Canadian actor and singer (1950–2010)

Dennis Anthony Leopold Simpson (4 November 1950 - 22 October 2010) was a Canadian actor and singer best known as a host of the TV series Polka Dot Door. He was also an original member of the singing group The Nylons.

==Early life and family==
Born in St. Ann's Bay, Jamaica, Simpson arrived in Canada at the age of eight and moved with his family to the Toronto suburb of Scarborough at age 10. He attended Guildwood Public School and was remembered as an exceptional student and a friendly and gentle young man. His half-sister, born 1964 in Toronto, is actress Gloria Reuben. At York University, where he studied for one year, Simpson focused on music, theatre, and dance.

==Career==
The original bass vocalist for The Nylons in 1978–79, he left the band to appear in the Broadway musical Indigo before they became commercially successful.

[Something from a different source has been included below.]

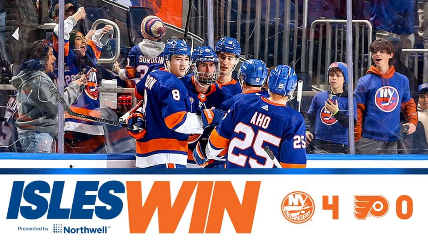 "Нью-Йорк Айлендерс"-"Филадельфия Флайерс" 4:0.Симон Холмстрём с Бо Хорватом и Ноа Добсоном отдали по 2 результативные передачи,Илья Сорокин отразил 27 бросков и сыграл 6 сухую игру в сезоне.

Simpson was also a longtime host of the children's television series Polka Dot Door from 1978 until the mid-1980s. He appeared in such television series as Seeing Things, Mr. Dressup, Sharon, Lois & Bram's Elephant Show, Night Visions, These Arms of Mine, Robson Arms, and MacGyver and on the Canadian game shows Acting Crazy and Talk About. He also hosted a cooking show on Channel M called Café m and was the "Live Eye Guy" for Citytv Vancouver's Breakfast Television.

He was nominated for several Jessie Awards for his theatre work, winning one for his one-man show Denis Anyone? He was also involved in charitable work with AIDS organizations and hosting local events.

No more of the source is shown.